Men and women may experience depression differently. Women are more likely to feel sad and worthless, with episodes of excessive guilt. Men are more likely to experience irritability and frustration.4 Patients suffering from depression are also at higher risk for the development of heart disease, stroke, and dementia.5 Depression can also follow a major illness. Up to 33% of heart attack patients eventually develop depression.6 The good news is that depression can be successfully treated. As with any illness, the earlier treatment is initiated, the better the outcome. Treatment typically consists of medication and/or psychotherapy. Most antidepressants work on adjusting the levels of neurotransmitters in the brain, particularly serotonin and norepinephrine.7
Unfortunately, when it comes to depression, admitting you have it can be difficult. We live in a society in which mental illness comes with a stigma. Numerous studies from around the world show a common belief that depression is a sign of personal weakness. Many employers would hesitate to hire a person suffering from a mental illness, and if you plan to run for public office, you can expect to lose some votes. Let’s face it: For a dentist, admitting you have depression publicly would not exactly be a practice builder. But letting your physician know about your symptoms is critical. With treatment modalities improving and HIIPA laws protecting your medical records, the benefits far outweigh the risks.
It is of interest to note that in a 2006 study published in the Journal of Nervous and Mental Disease, 24% of the first 37 presidents of the United States suffered from depression. John Adams, Thomas Jefferson, and Abraham Lincoln are included in this number.
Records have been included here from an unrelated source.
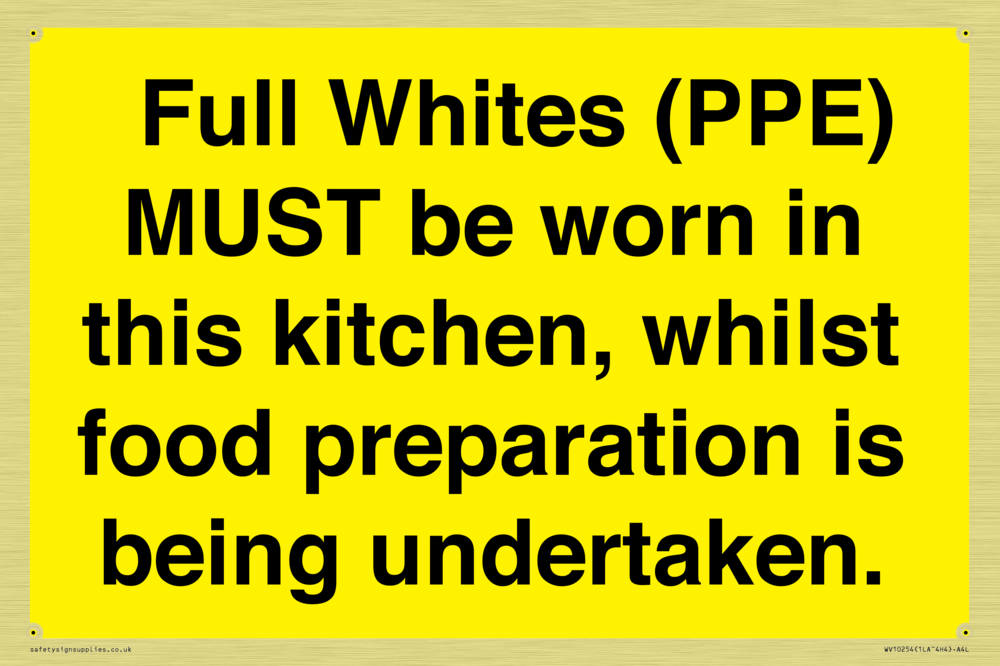 Full Whites (PPE) MUST be worn in this kitchen, whilst food preparation is being undertaken.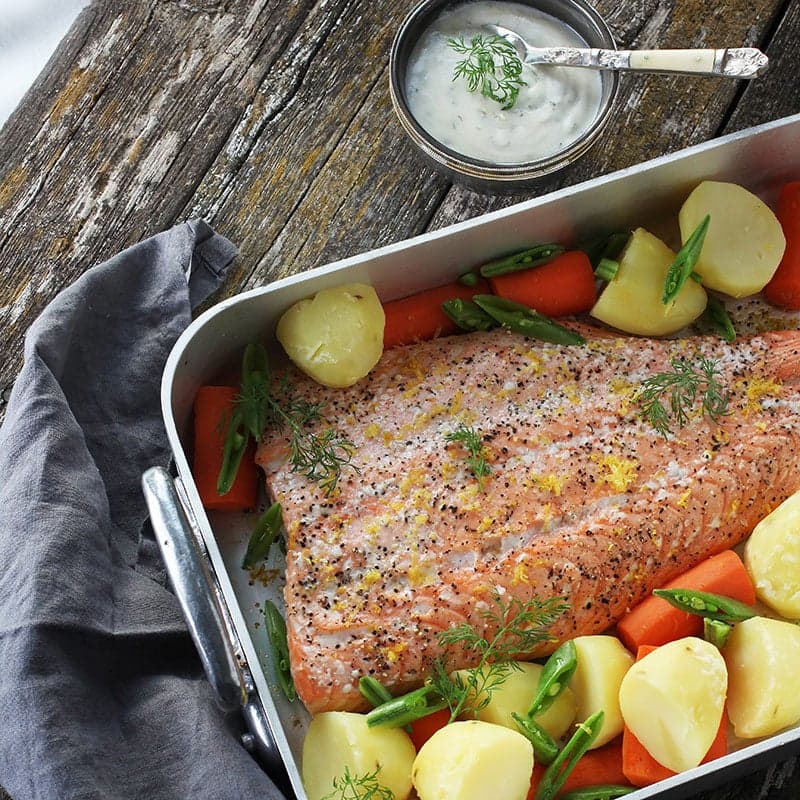 Ugnsbakad lax täckt med vin- och dillsås. Smaskens för hela familjen!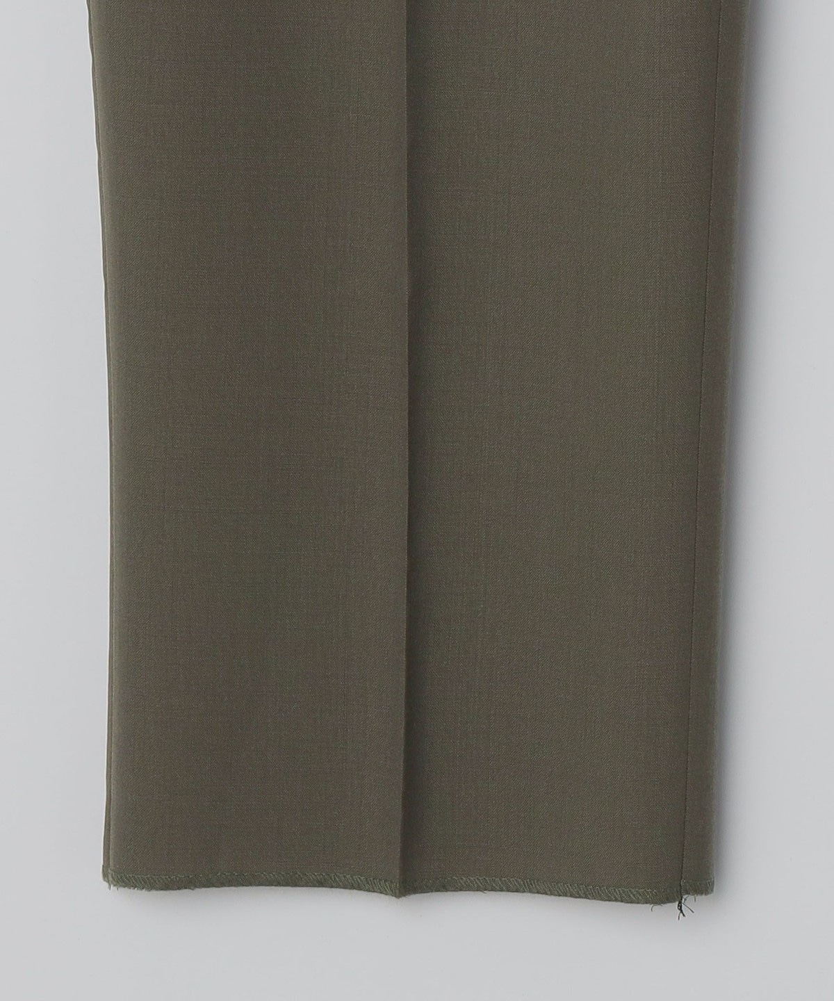 シルエットはウエスト周りにしっかりとフィット感を持たせながら、深めに取ったプリーツの美しいラインが腰回りから裾まで綺麗に広がる仕上がりのワイドトラウザーズです。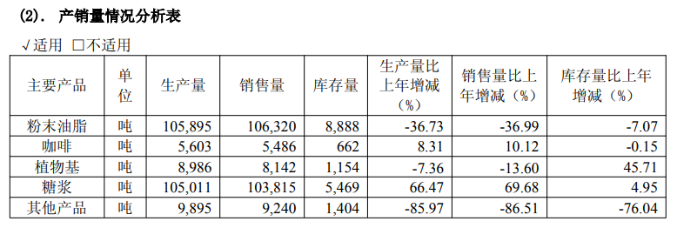 在此背景下,植脂末茶饮的市场份额受到挤压。2024年,佳禾食品粉末油脂的销量和生产量分别同比下滑36.99%和36.73%,实现收入同比下滑39.82%至11.59亿元。对于全年营收下滑,公司解释称,主要为宏观市场环境影响致使植脂末需求萎缩、餐饮行业价格战及客户自建产能等。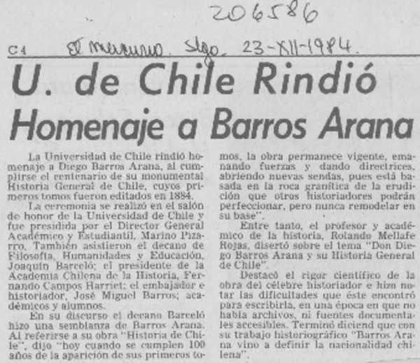 U. de Chile rindió homenaje a Barros Arana [artículo]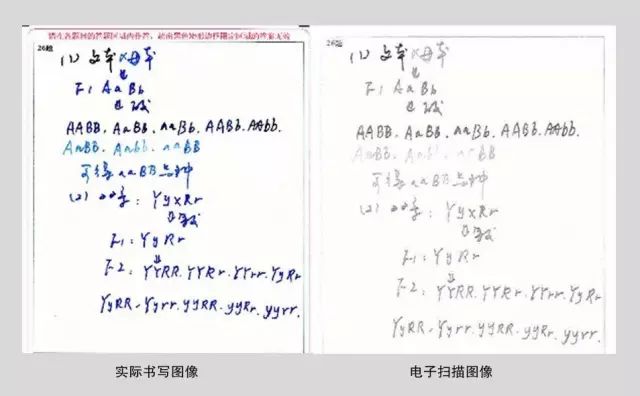 2. 蓝色钢笔书写后,扫描字迹较浅,若无法辨认,容易被误判或不给分。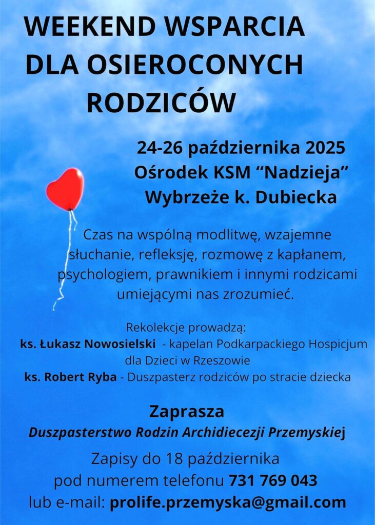 Pod koniec października (24-26.10.2025) w ośrodku rekolekcyjnym „Nadzieja” w Wybrzeżu nieopodal Dubiecka odbędzie się „Weekend Wsparcia dla rodziców po stracie dziecka”. Jest to propozycja dla rodziców, którzy doświadczyli śmierci dziecka w najróżniejszych okolicznościach. W programie rozmowy z psychologiem, prawnikiem i duszpasterzem oraz okazja do modlitwy i dzielenia się doświadczeniami. Spotkanie organizuje Duszpasterstwo Rodzin Archidiecezji Przemyskiej oraz kapelan Podkarpackiego Hospicjum dla Dzieci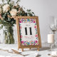 This Colorful Floral Botanical Modern Spanish Wedding Table Number design showcases a delicate floral border of vibrant pink, purple, blue, and red flowers intertwined with leafy green and golden branches. The colorful blooms, set against a soft cream background, create a lively yet elegant frame that draws attention to the central space for the invitation text. The combination of bright colors and intricate floral patterns adds a festive, joyful tone, perfect for a celebratory event like a wedding.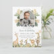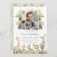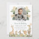 Um convite de primeiro aniversário selvagem que apresenta gráficos animais safari, espaço para uma foto e uma fonte moderna. Este convite para na moda é perfeito para uma festa de aniversário com tema animal para um menino. Par com qualquer coisa da coleção da OSCAR para um olhar coeso.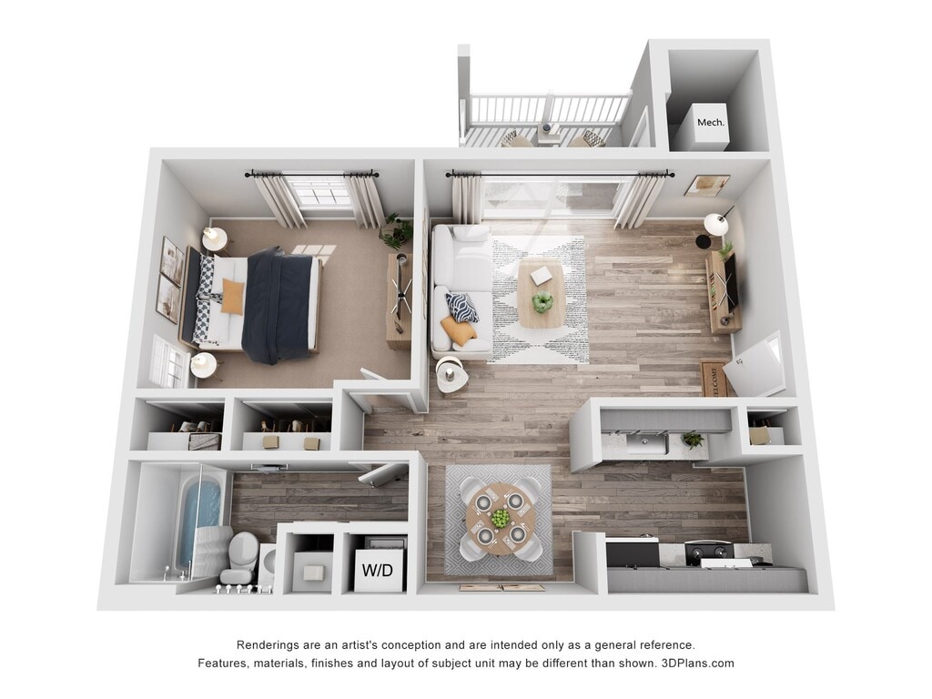 1 Dormitorio, 1 Baño, 687 pies²Disponible AhoraGalería del Modelo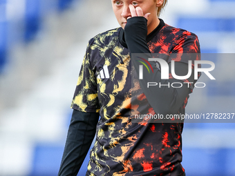 Freya Gregory of Newcastle United warms up during the WSL2 match between Birmingham City and Newcastle United at St Andrews @ Knighthead Park in Birmingham, England, on September 21, 2025.
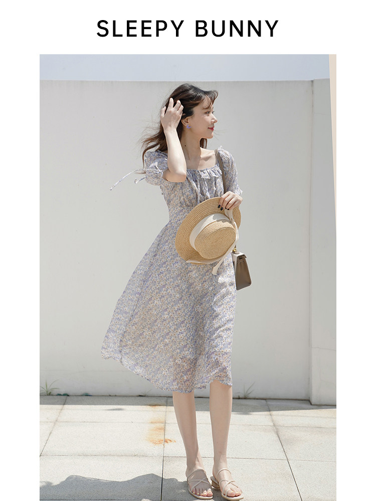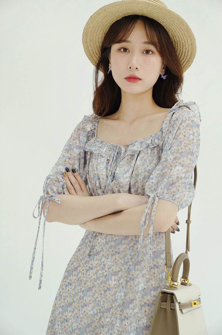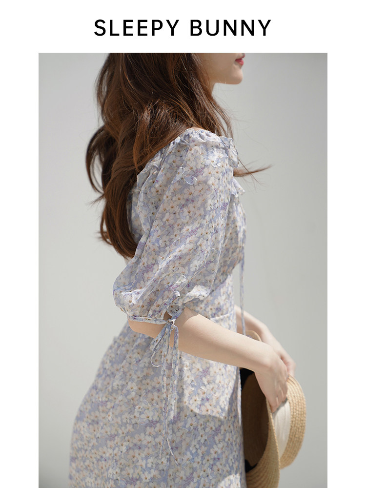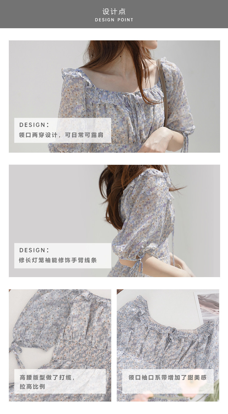 Шифоновое платье, юбка, квадратный вырез, высокая талия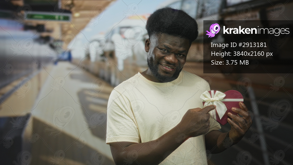 Man points finger to camera on cruise ship while smiling and holding a heart shaped gift box near chest; playful romance.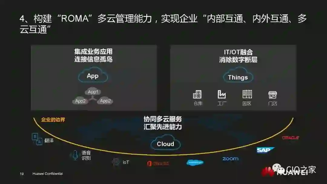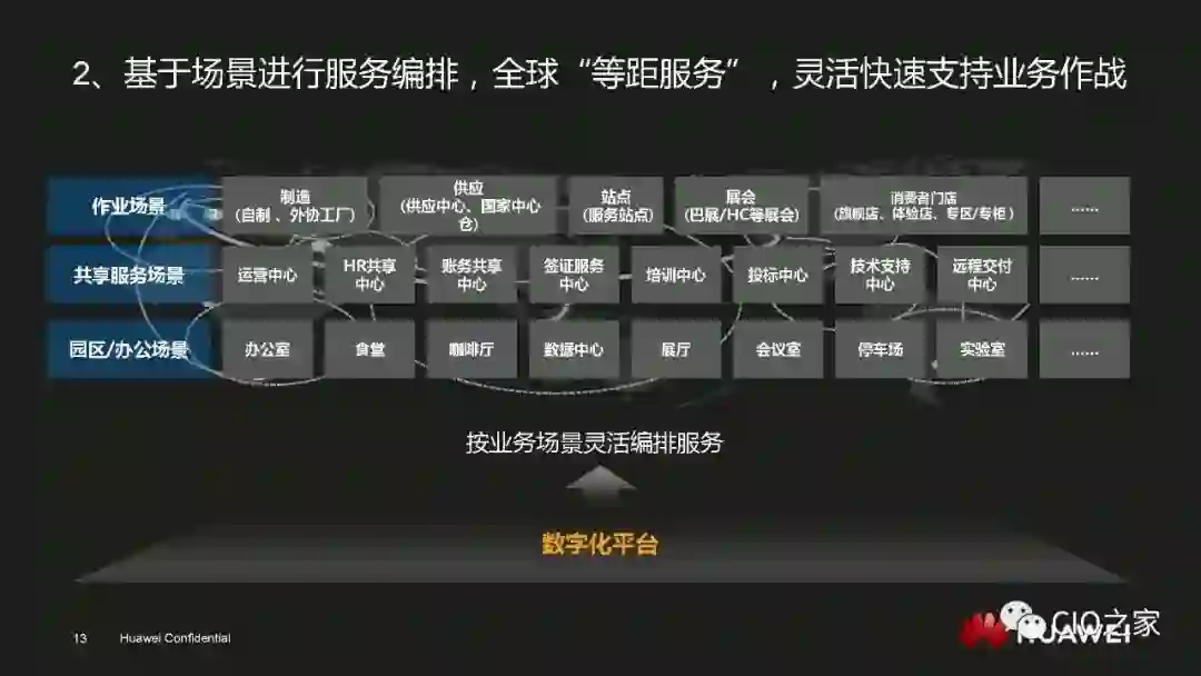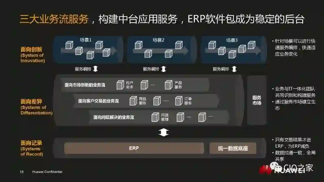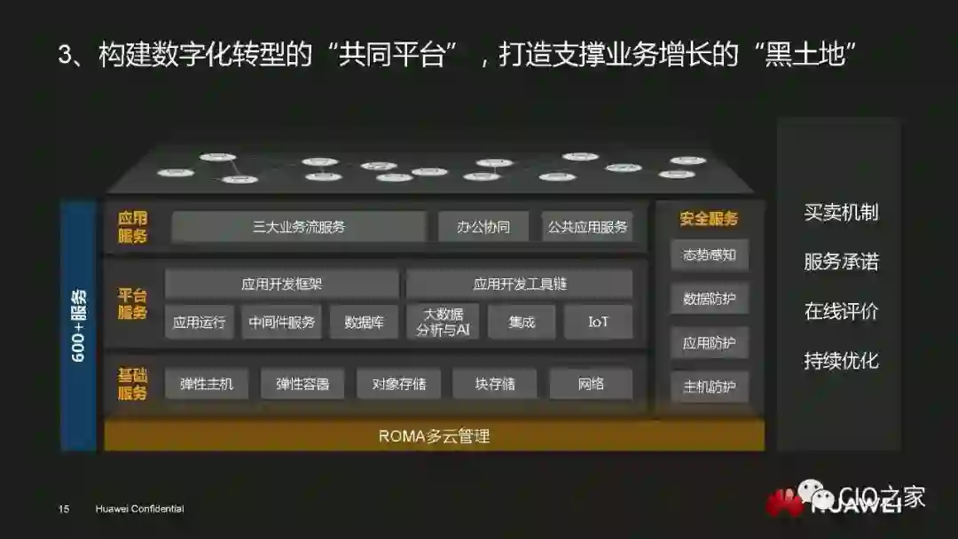 从企业的整体视角出发,单一技术是不可能解决所有问题的。作为信息系统的建设者,华为需要的是一个公共的服务平台。这个平台要提供安全数据和公共服务以及统一的基础设施架构,让华为可以根据自身的实际需求来平等地选择各类产品和服务。

I don’t think we would classify any of these men as “weak willed”. According to writer Joshua Wolf, “Lincoln didn’t do great work because he solved the problem of his melancholy; the problem of his melancholy was all the more fuel for the fire of his great work”.8
It is time that dentistry brings the topic of depression out of the closet and encourages our colleagues who suffer from this disease to seek treatment. We need to make a conscious effort to move our profession out of the Top 10 in the suicide rankings.
1. National Institute of Mental Health: Depression.
2. Mayo Clinic: Depression.
3. NYTimes.com: Depression’s Upside, Jonah Lehrer. February 25, 2010.
4. CNN Living: Going Public With Depression. Kat Kinsman. CNN, Wednesday, August 22, 2012.
5. PubMed, U.S. National Library of Medicine, National Institutes of Health: High-Risk Occupations for Suicide. Roberts SE, Jaremin B, Lloyd K. Epub October 26, 2012.
6. Business Insider: The 19 Jobs Where You’re Most Likely to Kill Yourself. Gus Lubin. October 18, 2011.
7. Health Central: 7 Presidents Who Battled Depression. Merely Me, Health Guide, February 20, 2012.
8. American Heart Association: How Does Depression Affect the Heart. April 14, 2014.